== Problem statement ==
Could you restate word for word every line from the one containing "玄关的隔断到了客厅变成了蓝白" to the end of the data below, pictures excluded?
━━━ Material for this exercise ━━━
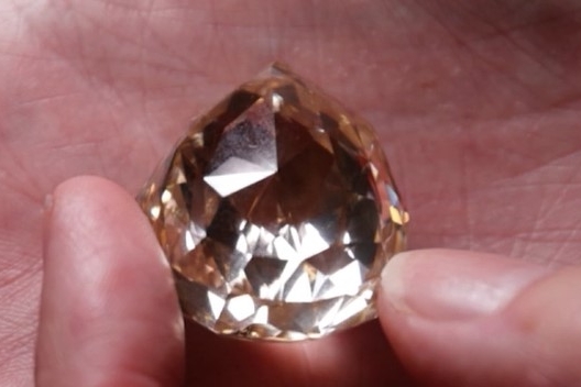 Ce diamant de 137 carats, taillé en poire, long comme le pouce à la teinte jaune pâle, presque miel, est traversé de reflets verts ou dorés selon la lumière. Cette pierre ancienne a été taillée au XVIIe siècle, elle a vu défiler les siècles, les trônes, les guerres.
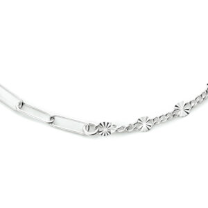Gerhodineerd 925 zilveren collier met een schakelbreedte van 3.8mm, uitgevoerd met een anker schakel en plaatjes. De zilveren ketting heeft een draaglengte van 41cm met een extensie van 4cm en een stevige karabijn sluiting.
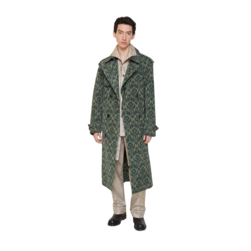 Debuted on the Burberry Winter 2025 runway, a trench coat tailored from a lightweight viscose blend and printed with a Baroque-style pattern inspired by the exquisite, faded interiors of British stately homes. A relaxed fit and raglan construction give a softer line at the shoulders, while an archival trench inspires the curlicue shape of the pockets. Adjust the shape with the B buckle belt.
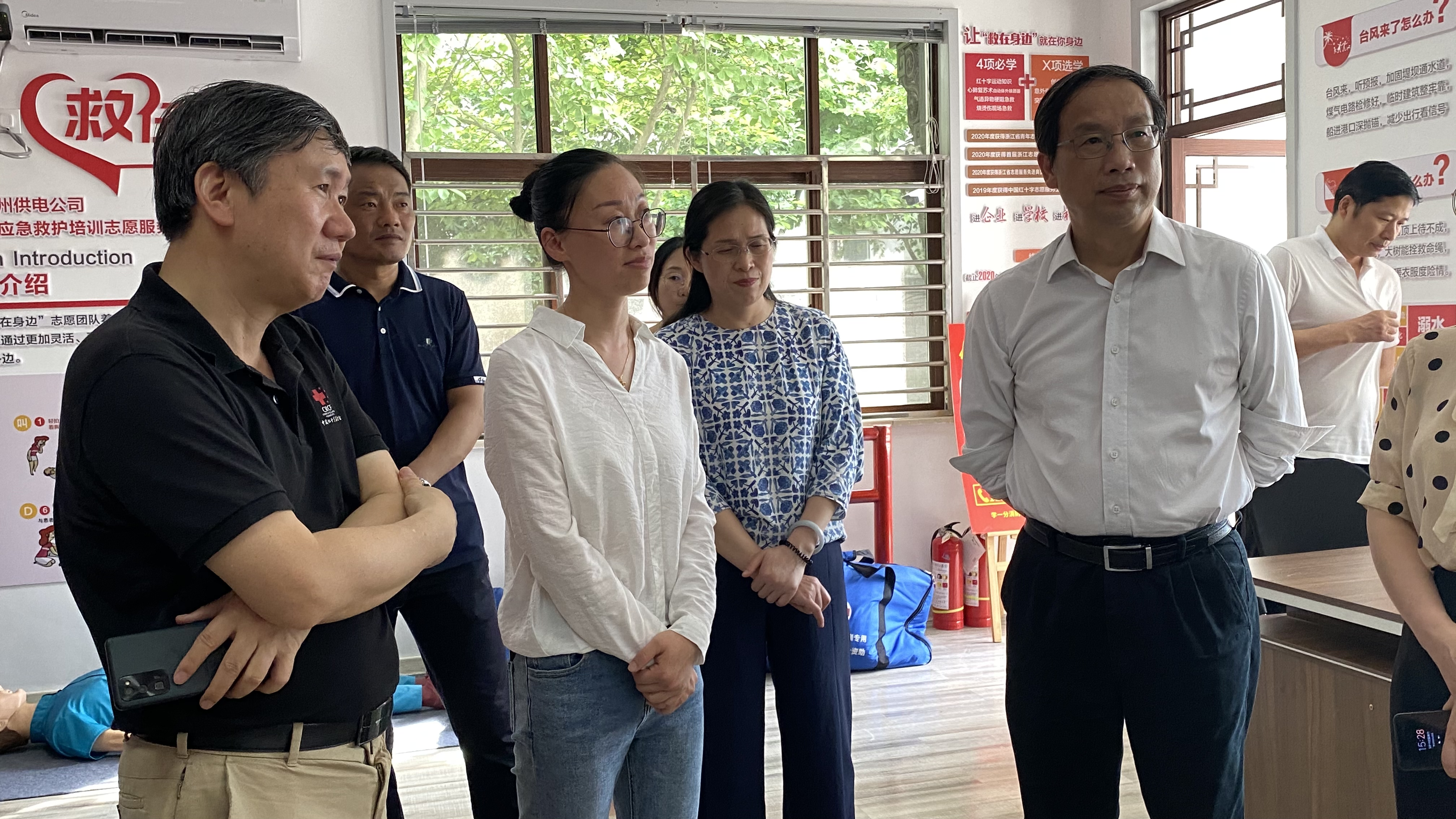 随后,王汝鹏一行前往吴兴区飞英街道,考察了墙壕里社区的红十字博爱家园。该博爱家园于今年5月8日世界红十字日正式开放启用,聚集了国网湖州供电公司“救”在身边红十字应急救护培训志愿服务队等一批优秀的志愿服务力量,为社区居民提供应急救护培训、社会心理救援、助老助困等志愿服务,被赞誉为“群众身边的红十字会”。
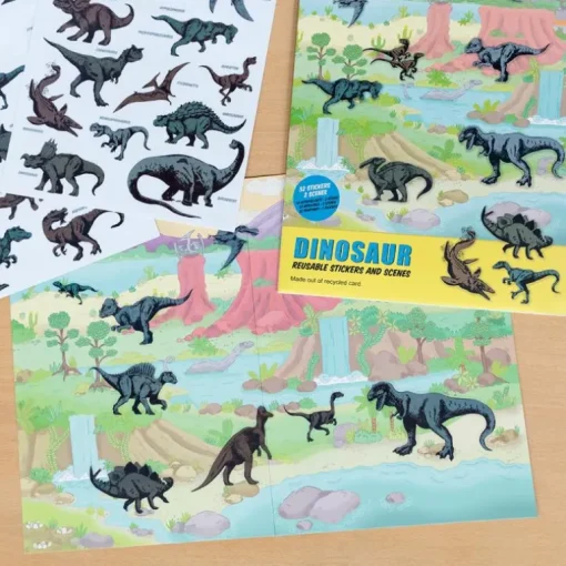 Create endless scenes with this fun dinosaur-themed sticker set for children! Place the reusable dinosaur stickers on the prehistoric landscape and then take them off, rearrange them or add more, as often as you like.
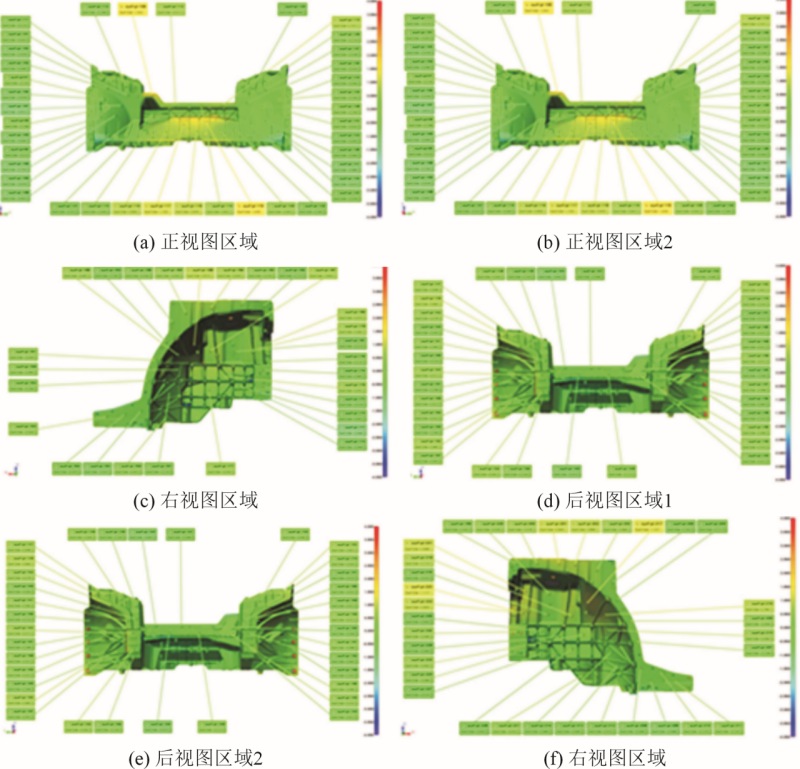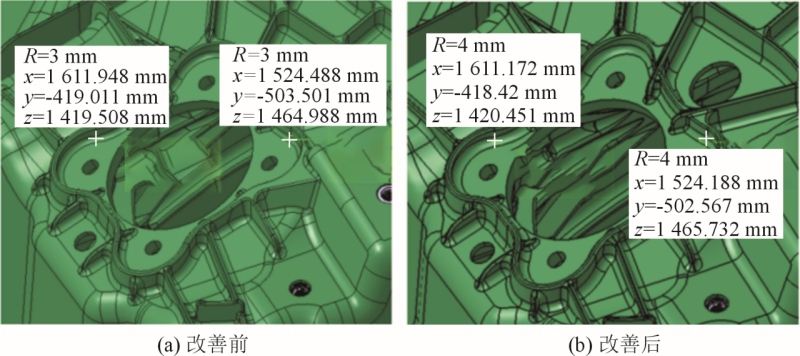 圖18 藍(lán)光掃描結(jié)果 從產(chǎn)品的結(jié)構(gòu)看,產(chǎn)品壁厚和筋條壁厚不均勻且差異較大,壁厚局部過(guò)厚變化劇烈,根部R角過(guò)小,使局部填充率低,導(dǎo)致溫度降低后再填充造成冷隔(見(jiàn)圖19和圖20)。修改筋條結(jié)構(gòu),定模模芯減厚優(yōu)化壁厚,加大根部R角(見(jiàn)圖21)。采取上述措施后,金屬液填充情況明顯改善,基本解決了冷隔和R角裂紋問(wèn)題。
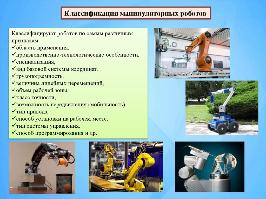 Классификация манипуляторных роботовКлассифицируют роботов по самым различным
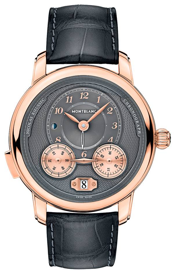 В одной из них использовано сочетание красного золота и антрацитово-черных деталей, другая выполнена в корпусе из нержавеющей стали с антрацитовым циферблатом. Часы — дань уважения французскому часовщику Николя Риуссеку, который изобрел первый чернильный хронограф, запатентованный в 1821 году, и внес заметный вклад в историю часового искусства. Хронографы имеют два узнаваемых вращающихся горизонтально выровненных диска на часовом циферблате, один из которых предназначен для 60-секундного счетчика, а другой — для 30-минутного. Диски вращаются под двойным указателем, одна сторона которого отмечает прошедшие секунды, а другая — минуты. Часы оснащены легендарным мануфактурным калибром MB R200 с однокнопочным хронографом, автоматическим подзаводом и колонным колесом. Все эти технологические решения можно увидеть через прозрачное сапфировое стекло в задней крышке корпуса. Механизм обеспечивает трехдневный запас хода. Модели демонстрируют исключительную точность и обладают водонепроницаемостью три атмосферы.
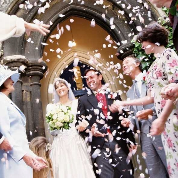 Зйомка з труби з рожевими пелюстками створює чудовий ефект, коли наречений і наречена виходять з церкви або в кінці першого танцю.
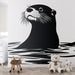 Falfestmény vidra | Fiatal vidra monokróm illusztrációja a vízben
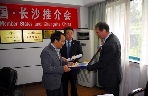 隆重举行,我校校长助理何益斌教授、国际合作交流处处长左权文教授代表学校参加会议并致欢迎辞。期间,欧盟及来自法国与德国驻华大使馆的三位参赞与长沙及周边地区高等院校、科研院所和科技企业的代表,就可能展开的科学技术研究展开了深入地交流。在科学技术研究领域,中欧双方有着共同的发展理念:创新、绿色和可持续发展。双方希望能通过广泛的科技合作,共同寻找合理的科学技术发展道路,创建中欧科技合作新局面。
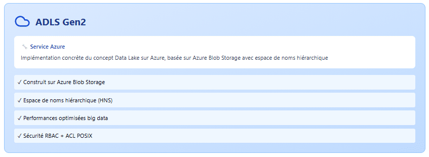 Azure Data Lake Storage Gen2 (ADLS Gen2) est le service Azure qui met en œuvre concrètement le concept de Data Lake.
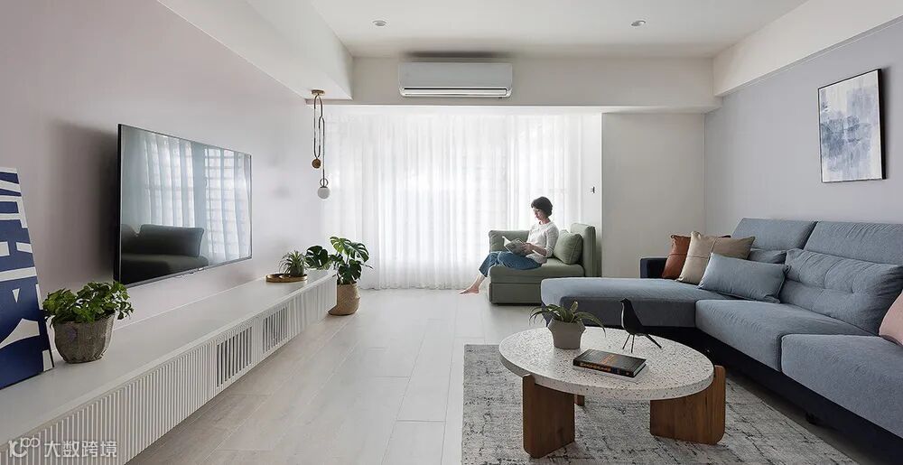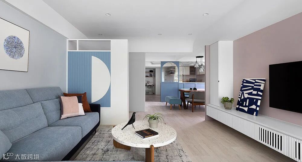 玄关的隔断到了客厅变成了蓝白色,与中性沙发背墙、雾霾蓝布艺沙发和水磨石茶几相互过渡呼应,视觉上特别协调。
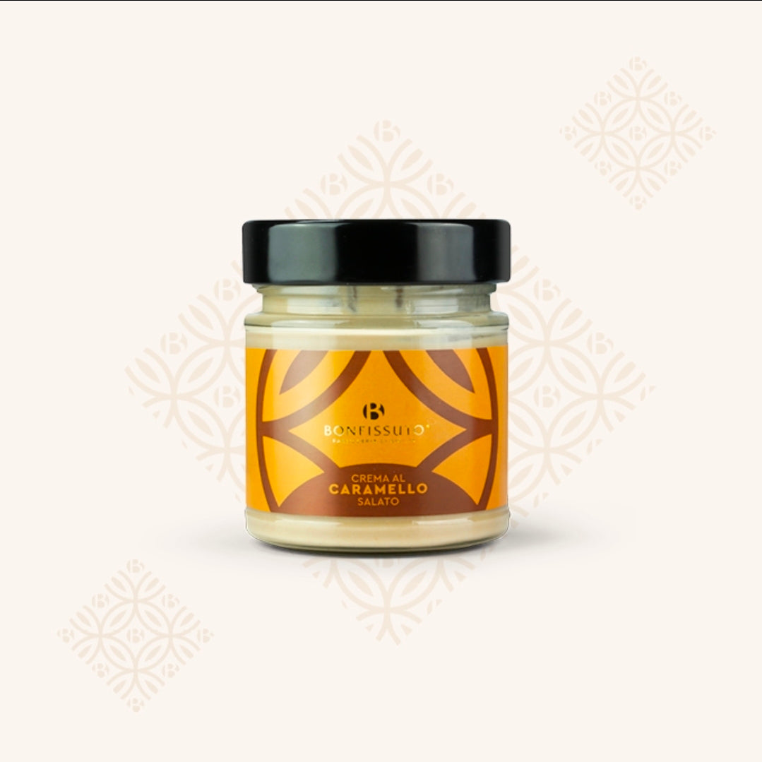 Bonfissuto almond cream , obtained with a base of high quality white chocolate and a mix of the best almonds.
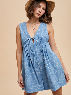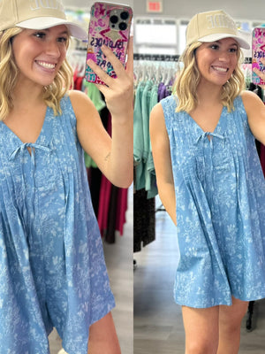 Delicate Florals Denim Romper
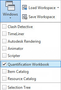 A interface de usuário (UI) do Quantification consiste em uma Quantification Workbook, um Item Catalog e um Resource Catalog. Os catálogos definem a estrutura organizacional do seu projeto e geralmente contêm grupos de itens e materiais que serão utilizados para o levantamento. É possível abrir qualquer quantidade dessas janelas em uma sessão.
━━━
== Exercise answer ==
 玄关的隔断到了客厅变成了蓝白色,与中性沙发背墙、雾霾蓝布艺沙发和水磨石茶几相互过渡呼应,视觉上特别协调。
 Bonfissuto almond cream , obtained with a base of high quality white chocolate and a mix of the best almonds.
 Delicate Florals Denim Romper
 A interface de usuário (UI) do Quantification consiste em uma Quantification Workbook, um Item Catalog e um Resource Catalog. Os catálogos definem a estrutura organizacional do seu projeto e geralmente contêm grupos de itens e materiais que serão utilizados para o levantamento. É possível abrir qualquer quantidade dessas janelas em uma sessão.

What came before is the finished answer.